Co-op Researcher - Multimodal Large Language Model (MLLM) Serving Optimization

Vancouver, British Columbia, Canada

Full Time Mid-level / Intermediate USD 56K - 79K

Huawei Technologies Canada Co., Ltd.

Huawei is a leading global provider of information and communications technology (ICT) infrastructure and smart devices.

View all jobs at Huawei Technologies Canada Co., Ltd.

Apply now Apply later

Posted 1 month ago

Huawei Canada has an immediate co-op opening for a Researcher.

About the team:

The Intelligent Cloud Infrastructure Lab aims to innovate technologies, algorithms, systems, and platforms for next-generation cloud infrastructure. The lab addresses scalability, performance, and resource utilization challenges in existing cloud services while preparing for future challenges with appropriate technologies and architectures. Additionally, the lab aims to understand industry dynamics and technology trends to create a robust ecosystem.

About the job:

Design, implement, and optimize a high-performance serving platform for MLLMs.

Integrate SOTA open-source serving frameworks such as vLLM, sglang, or lmdeploy.

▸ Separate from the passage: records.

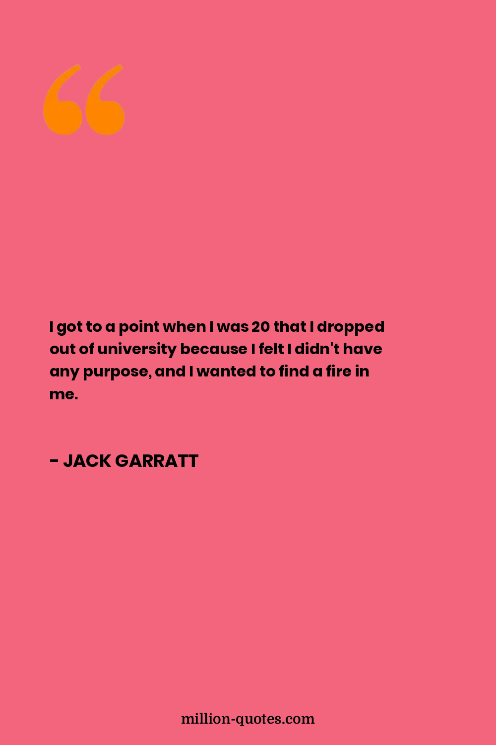 I got to a point when I was 20 that I dropped out of university because I felt I didn't have any purpose, and I wanted to find a fire in me.
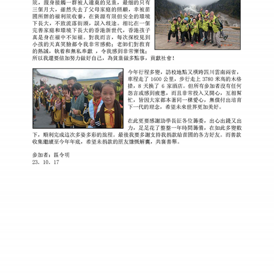 「苗圃助學長征2023-滇冲行」快將接受報名啦!
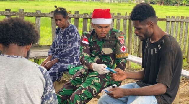 MEMBERAMO RAYA – Personel kesehatan Pos Dabra Satgas Yonif 614/RJP yang dipimpin oleh Wadanpos Letda Ckm Boby memberikan pelayanan kesehatan kepada warga kampung Dabra, salah satu warga Bapak Benyamin (48) yang datang ke Pos Dabra, Distrik Memberamo Hulu, Kabupaten Memberamo Raya, Papua. Bapak Benyamin datang ke Pos Dabra untuk mendapatkan perawatan atas keluhan batuk dan demam yang dideritanya, Sabtu (28/12/2024).
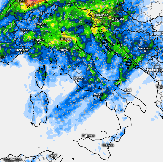 I fenomeni potranno interessare in parte anche le regioni centrali, specie all’interno, e il medio Adriatico, assumendo anche qui prevalente carattere di rovescio o temporale.
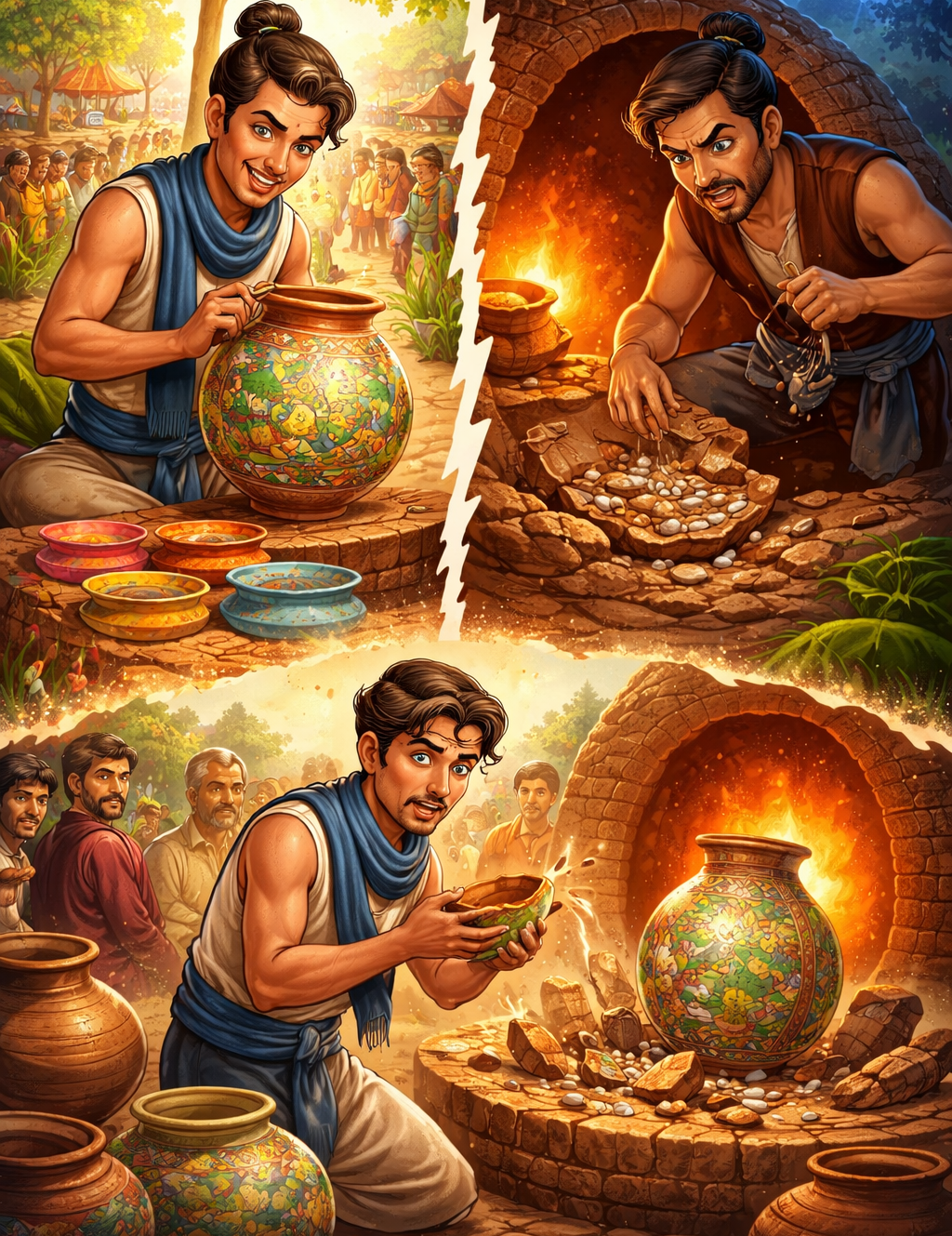 రవి కూడా నైపుణ్యం కలిగినవాడు, కానీ అతని మనసు ఈర్ష్యతో నిండిపోయింది. ఆనంద్ పేరు విన్నప్పుడల్లా, ప్రజలు ఆనంద్ను పొగిడినప్పుడు, అతనికి లోలోపల కోపం, అసూయ కలిగేది. “నా కుండలు బలంగా ఉన్నా, ప్రజలు కేవలం ఆనంద్ కుండలే కొనేవారు. నా కష్టానికి విలువ ఎందుకు ఇవ్వలేరా?” అని రవి అంతరంగంగా అడిగేవాడు.
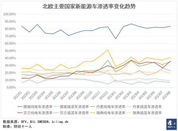 北欧是当前欧洲乃至全球新能源车渗透率最高的区域,挪威的新能源车渗透率已达90%左右,瑞典超过50%,丹麦、芬兰也超过30%,渗透率越高的国家,纯电超出插混的幅度越大,挪威达到10倍左右。
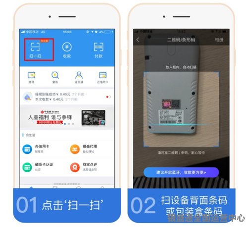 進入app首頁,點擊掃一掃,使用手機的攝像頭對準銀盛通的條形碼進行掃描,掃描如圖所示。
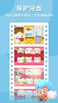 -生活知识:通过模拟刷牙游戏学习正确刷牙步骤,认识各类健康食品与牙齿的关系,在趣味互动中强化健康饮食观念。生动形象的动画演示让抽象概念变得直观易懂。
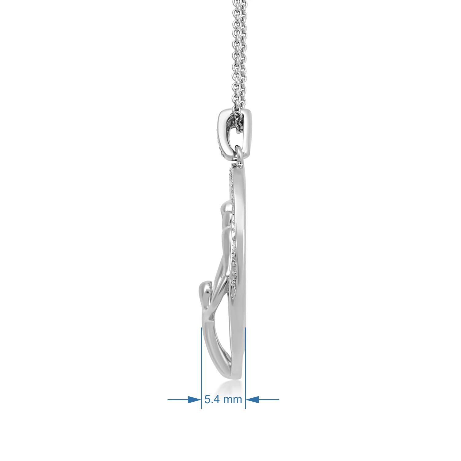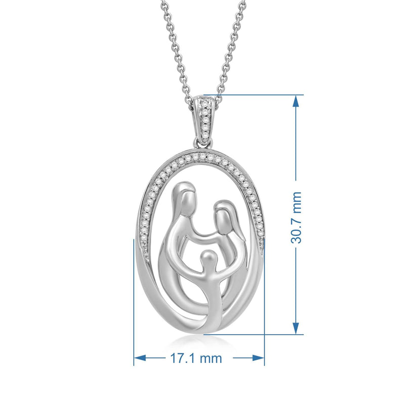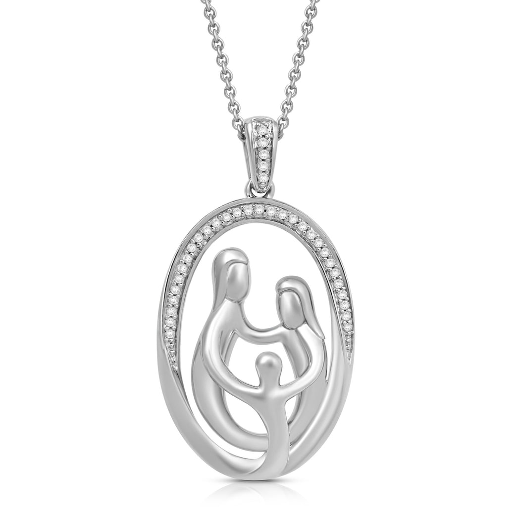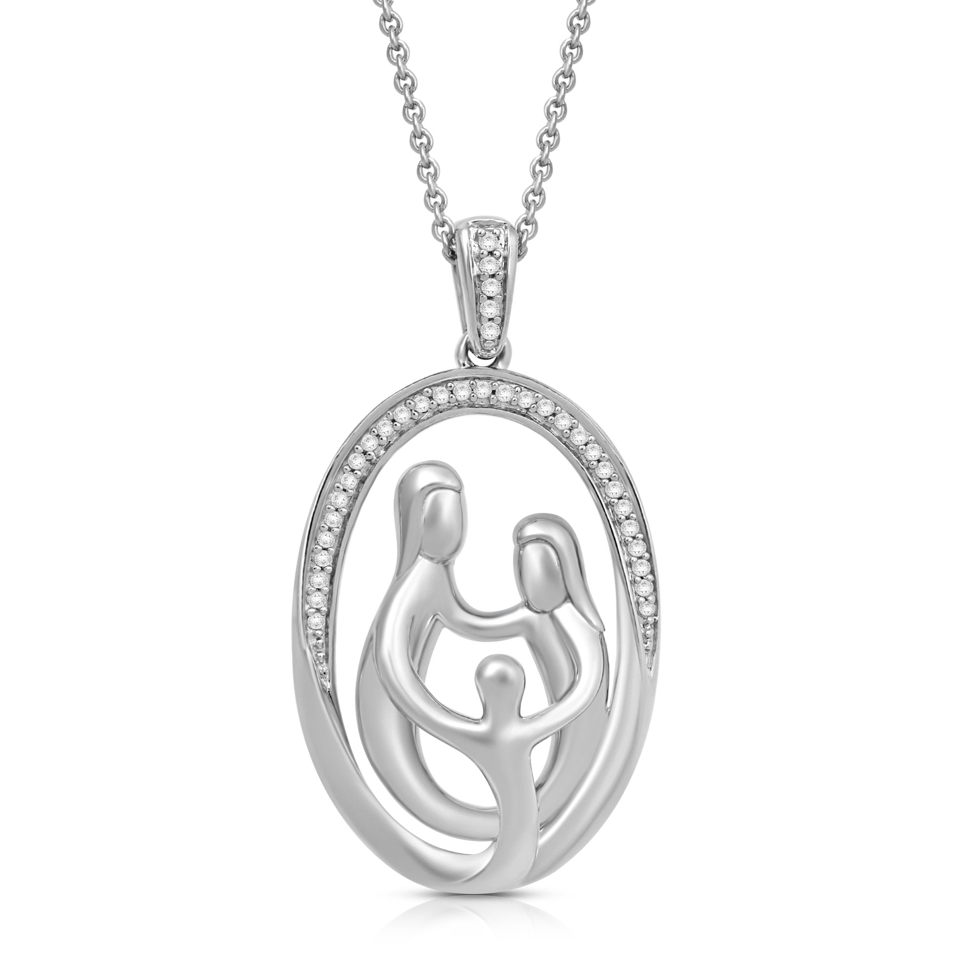 Jewelili Sterling Silver 1/10 CTTW Natural White Round Diamonds Parents with One Child Family Pendant Necklace

Develop techniques for efficient resource utilization and low-latency inference for MLLMs in serverless environments.
Optimize memory usage, scalability, and throughput of the serving platform.

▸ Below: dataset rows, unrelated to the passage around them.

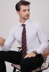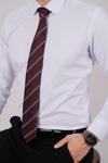 Etikmen Beyaz Saten & Bordo Çizgi Desen Hediye Kutulu Gömlek Kravat Seti
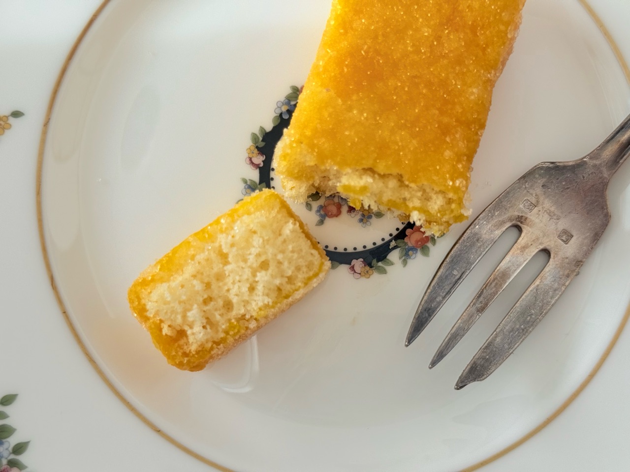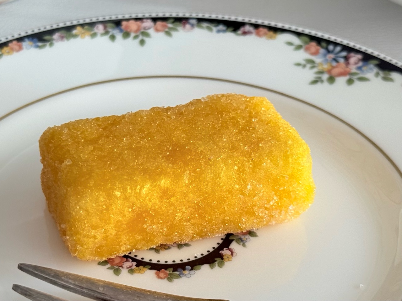 中のカステラ生地は甘味が抑えられて、周りのグラニュー糖のザラザラした感じと卵の黄身ととても合います。
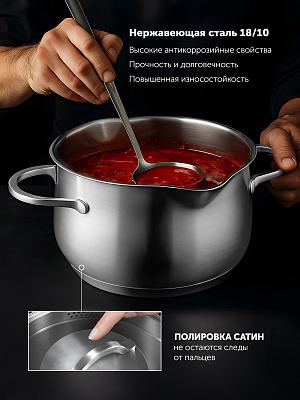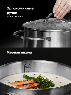 Ручки – удобные удлиненные ручки из нержавеющей стали, можно мыть в посудомочной машине.
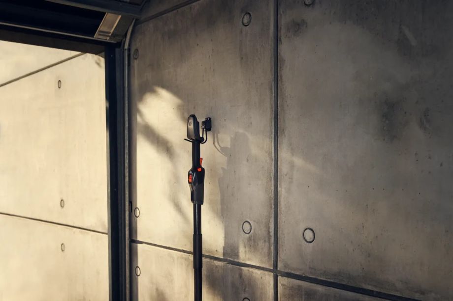 Vlastní úložný hák a kompaktní konstrukce zajišťují snadné uskladnění. Nářadí Aspire™ nemusí být tak objemné díky nastavitelným, skládacím nebo odnímatelným dílům, které usnadňují skladování i přepravu ve stísněných prostorách, jako jsou malé kůlny nebo auta. Pomocí háku, který je součástí každého balení, si můžete vybrat, zda nářadí chcete uložit přímo na zeď nebo zavěsit na naši nástěnnou úložnou kolejnici, která je součástí úložného systému Husqvarna Aspire™. Nástěnná úložná kolejnice se prodává samostatně.
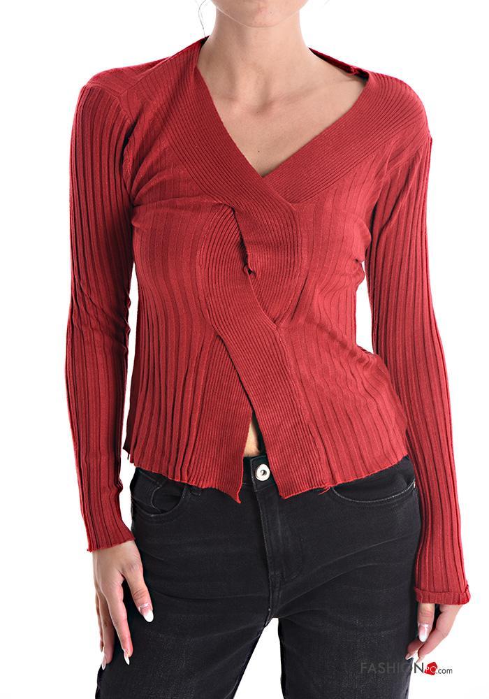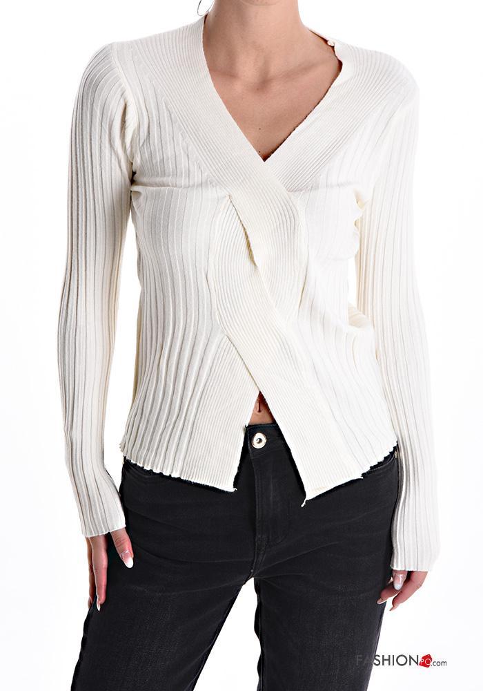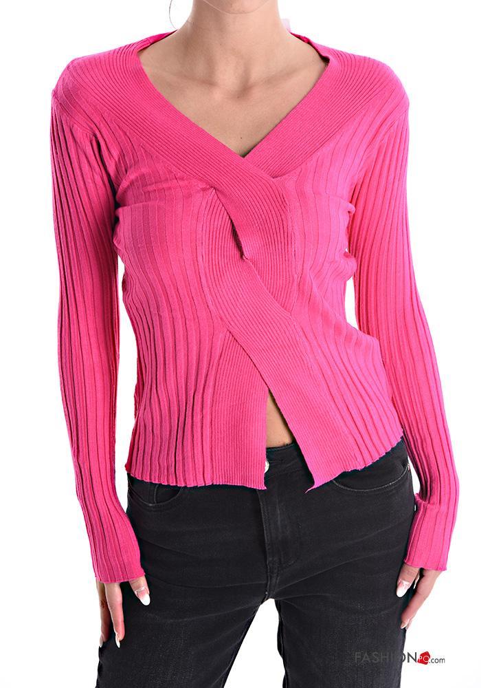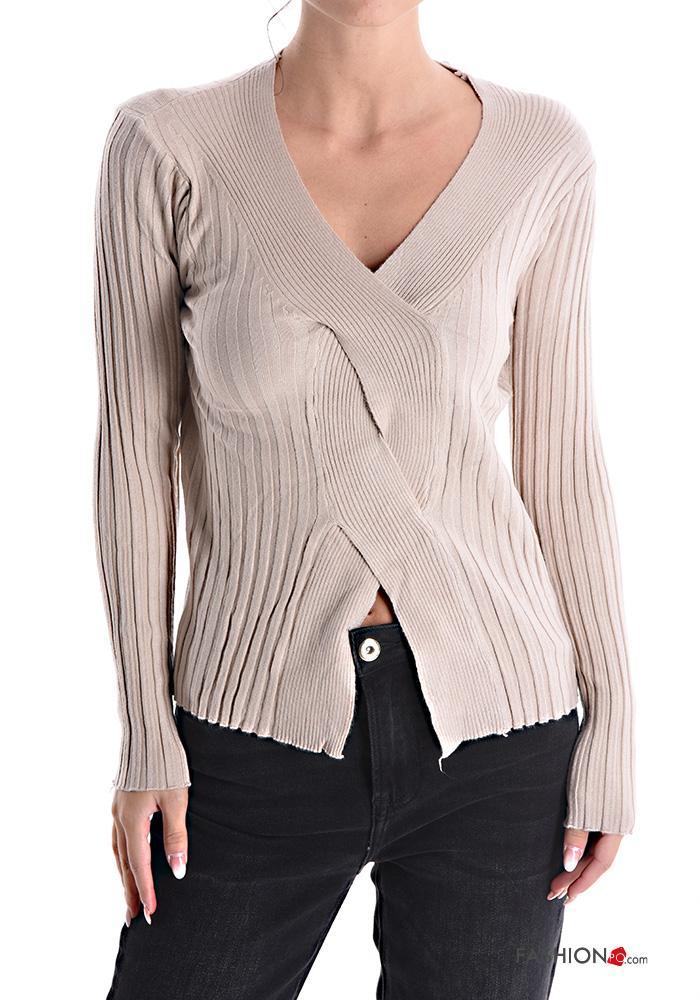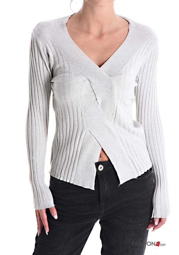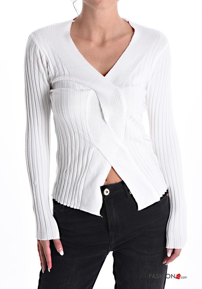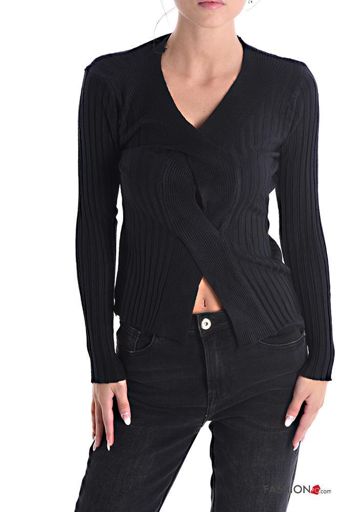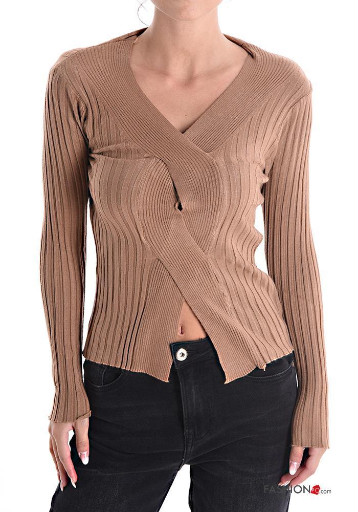 Home > Brands > ZHIMIAO MODA > Ribbed long sleeve Sweater with v-neck with knot

Conduct experiments to evaluate and benchmark MLLM serving performance.
Contribute novel ideas to improve serving efficiency and publish findings when applicable.

Work with cross-functional teams, including researchers and engineers, to ensure seamless deployment and integration of the platform.
Provide technical guidance and support for platform users.

The base salary for this position ranges from $56,000 to $79,000 depending on education, experience and demonstrated expertise.

Requirements

About the ideal candidate:

Bachelor’s degree or higher in Computer Science, Electrical and Computer Engineering (ECE), or a related field.

Strong proficiency in PyTorch, Python and familiar with other programming languages as needed.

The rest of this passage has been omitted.